Apesar da viva provocação que mantinha, me dei conta do risco de possuí-la debaixo daquela indefinição de sereno ou chuva fina que caía contando com a distração das crianças que não sairiam da beira do mar, como elas aproveitam a nossa para fazerem das suas.

– Vamos logo! – disse ela.

Por jamais termos feito isto, eu sabia que morreríamos de pneumonia dias depois. Coisas da juventude. Eu não pensava com a cabeça de cima. E os filhos? Depois das fraldas eles não precisam mais dos pais? Ela acompanhava minhas fantasias masculinas. Será que ela quer mesmo fazer sexo agora como uma ratazana de areia? Confuso por um instante como pai de preocupações e algumas aflições, eu queria voltar para os filhos. Não vivem dizendo que “mãe é mãe? De repente ela se tornou tão bruta e meu pensamento se desviou de suas partes pudorentas. Será que ela vai me confundir até o fim dos nossos dias? Tuberculina nunca mais! Pelo fim do mulher arcado, definitivamente: nenhum prazer!

Como se lesse cada vírgula desse meu pensamento broxante ela riu, como se houvesse graça em ocuparmos o mesmo leito hospitalar, furados e entubados, com os filhos adultos em nossa volta, dedo em riste e um médico com cara de ausência dando de ombros para a chuva de xingamentos mortais que cairiam sobre nós como um dossel. Quanto mais eu encabulava mais ela ria.
– Se tentar desconversar – disse ela ao pé do romântico cômoro de areia – vou mudar de ideia porque, por enquanto, só quero fazer xixi. Vamos duma vez!

Disse-o e correu cômoro acima, feito menina sapeca, e de vez em quando, rindo cada vez mais alto, se voltava para fazer sinais de que a seguisse.

Titubeante entre a segurança dos filhos e os intempestivos desejos por ela, meus melhores vigores viris não abriam mão de sua Rainha Doce, mesmo que lhe custasse o que Deus quisesse. Mirei com raiva o mar que estava a sapatear e desafiar, com cada onda, o meu nível de testosterona.
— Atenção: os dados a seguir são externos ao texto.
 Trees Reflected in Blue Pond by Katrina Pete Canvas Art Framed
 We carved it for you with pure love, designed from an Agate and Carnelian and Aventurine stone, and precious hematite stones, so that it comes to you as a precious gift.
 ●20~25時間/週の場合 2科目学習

Quando nos reencontramos adiante, em passos claudicantes, ela parecia muito mais velha do que minutos atrás. Suas fraldas saiam pelos lados de sua roupa. Solidário eu pretendera ajudá-la a ajeitar-se. Tive a impressão de que com a urina quente escapando-lhe das fraldas frouxas se fora sua atração libidinosa de cinquenta anos atrás.
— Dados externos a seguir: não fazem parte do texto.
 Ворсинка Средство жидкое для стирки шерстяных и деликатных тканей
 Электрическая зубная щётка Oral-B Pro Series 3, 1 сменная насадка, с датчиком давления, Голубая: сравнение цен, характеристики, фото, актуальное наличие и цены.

– Vocês me deixam nervosa! – Disse a filha mais velha, que já levara de volta para o carro as crianças que vez por outra eu e a Rainha Doce tomávamos como nossas.

– Vocês querem morrer? Não estão sentindo a chuvarada que está caindo? Vamos levar, os dois, agora mesmo para um hospital veterinário. Não tem medicina que trate disto em vocês! Venham logo!

Com olhos embaciados eu observava a gesticulação de minha filha, imaginando suas palavras de votos de saúde e paz para o casal. Um amigo disse certa vez que era de alta conveniência a gente não ver e não ouvir muito bem vez que assim a natureza nos poupa aborrecimentos gratuitos.

De seus carros, filhos, netos e bisnetos que nos acompanharam, a contragosto, naquele ritual amoroso de alto risco tinham ares de preocupação. Filhos que nunca cresceram e voltarão a usar fraldas a cada nova geração sem perceberem que secaram as cachoeiras amorosas da africana mãe Eva original. Acenavam para apressarmos saída daquela chuva torrencial sem considerar as fraldas mal ajeitadas que ela arrancou e jogou fora na areia junto com mais de cinquenta gotas de urina. Nesta ida até os cômoros parecia que tínhamos dado o giro da vertigem buscando expiação que nos reconciliasse vez por todas, penitenciados, enfim, por uma vida entrecortada por alegrias de nem tanto. Apesar da vontade de chamar alguém que nos ajudasse a vencer o peso constrangedor da areia em nossas pernas, pés e roupas encharcadas, revoltado tomei de um punhado de areia e joguei na direção do mar. Dando graças a Deus por meu confessor haver jurado esquecimento, não era mais como oferenda de agradecimento por qualquer coisa, sim um desaforo.